Ann Lewis served as White House director of communications under Bill Clinton before lending her talents to Hillary Rodham Clinton’s own historic bid for the presidency.
Lori Lefkovitz founded the first-ever women’s studies department at a rabbinical school and helped create Ritualwell.org, a communal source for inclusive, innovative Jewish ritual and prayer.
Sharon Kleinbaum’s longtime leadership of Congregation Beth Simchat Torah and her outspoken activism have made her a powerful voice for GLBTQ rights and human rights in America and around the world.
Clare Kinberg’s editing of the Jewish feminist journal Bridges put authors from across the spectrum of the Jewish, feminist, and activist communities in conversation with each other.
A pioneer of the Jewish multicultural movement, Loolwa Khazoom helped promote Sephardic and Mizrahi culture and priorities within the larger Jewish community.
Evelyn Fox Keller’s work in gender, biology, and the history of science led her to question the gendered metaphors and assumptions of biologists and sociologists, which often blinded them to basic scientific facts.
Diana Mara Henry photographed some of the most important events in the women’s movement, including the iconic image of the march to the First National Women’s Conference in Houston.
Nancy Miriam Hawley helped found the Boston Women's Health Book Collective, Inc., the organization responsible for writing the best seller Our Bodies, Ourselves, which empowered women to take control of their own health care.
Disturbed by growing anti-Semitism in the women’s movement, Gloria Greenfield left the movement and began creating documentary films that brought national attention to anti-Semitism in America and around the world.
Rabbi Maralee Gordon helped found the Chutzpah Collective, a radical Jewish political collective that utilized the inclusion of women in religious rituals as a jumping-off point for making all Jews feel welcome in the Jewish community regardless of disability or sexual orientation.
Sonia Pressman Fuentes, the first female attorney in the office of the general counsel of the Equal Employment Opportunity Commission, helped extend the Civil Rights Act’s protections of equal opportunity to all people regardless of gender.
At the age of nineteen, Ophira Edut helped launch HUES, a magazine that embraced diversity and depicted young women as strong, smart, stylish, and playful.
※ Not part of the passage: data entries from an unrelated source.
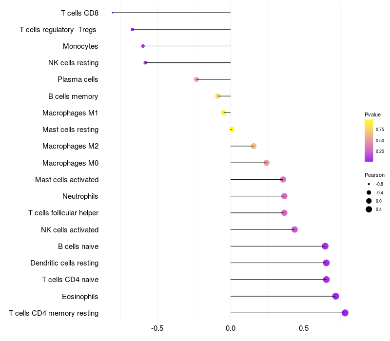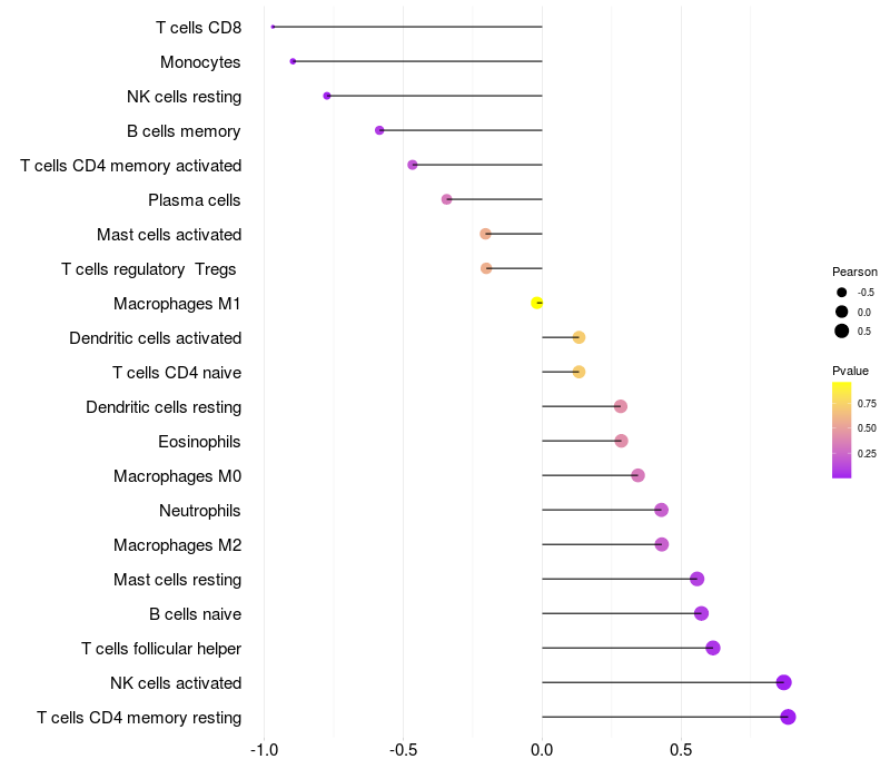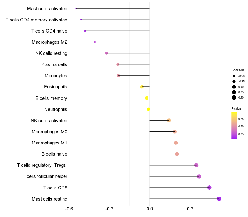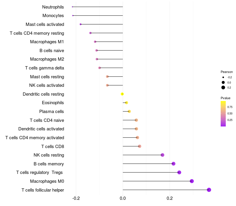 Lollipop of PRPF6 expression and immune infiltrating cell level correlation result in HBV+ Liver cirrhosis samples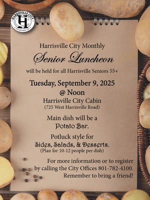 HARRISVILLE SENIOR 55+ LUNCHEON – Today! Don’t forget to call the city offices at 801-782-4100 to sign up for the Harrisville Senior 55+ luncheon to…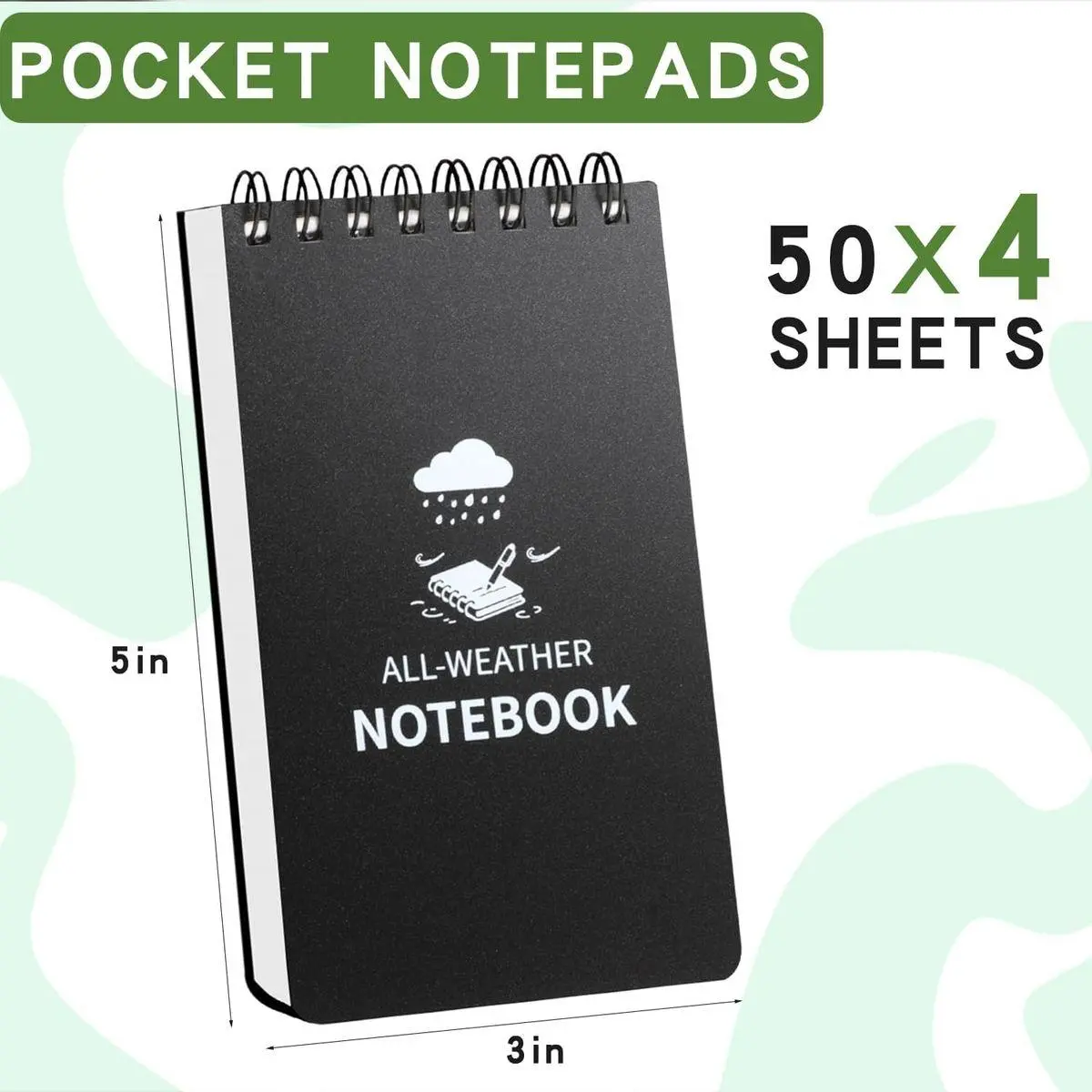 Waterproof Notebook: 4 Pack waterproof notepad, 100 pages / 50 sheets per waterproof notepad to meet your needs. Our all-weather notebook can withstand water, mud, and even won’t turn to mush easily

Feminist historian Ellen DuBois’s explorations of the history of feminism offered Second Wave feminists ways to talk about women’s sexuality beyond exploitation and banning pornography.
Dianne Cohler-Esses broke new ground as not only the first woman from the Syrian-Jewish community to become a rabbi, but also the first non-Orthodox rabbi from that community.
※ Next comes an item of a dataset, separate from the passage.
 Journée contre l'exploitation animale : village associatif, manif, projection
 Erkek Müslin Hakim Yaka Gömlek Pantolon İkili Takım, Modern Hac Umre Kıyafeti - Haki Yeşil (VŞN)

Tamara Cohen’s work with the Jewish Women’s Archive and Ma’yan: the Jewish Women’s Project helped popularize lesser-known heroines of Jewish history and new feminist rituals such as making Miriam’s Cup part of the Passover Seder.
Part of the first class of women ordained as Conservative rabbis, Nina Beth Cardin embraced the unconventional path of a “community pulpit” by founding healing centers and creating new ways to approach miscarriage and loss.